((

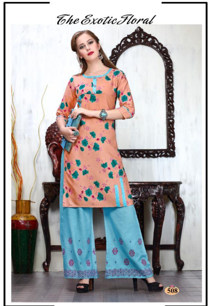
The Exotic Floral
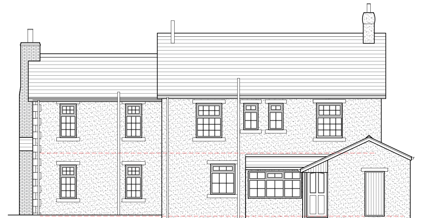
Existing North West Facing Elevation Scale 1:100
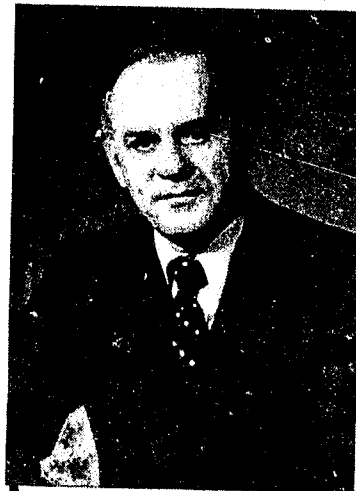
Governor Charles Thone

LAW ENFORCEMENT AND PUBLIC SAFETY NEBRASKA STATE PATROL
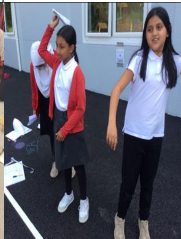
Science – Y5

))

> [Exercise goal]:
The records above must be returned exactly, with each picture omitted.

> [Solution to the problem]:
The Exotic Floral
Existing North West Facing Elevation Scale 1:100
Governor Charles Thone

LAW ENFORCEMENT AND PUBLIC SAFETY NEBRASKA STATE PATROL
Science – Y5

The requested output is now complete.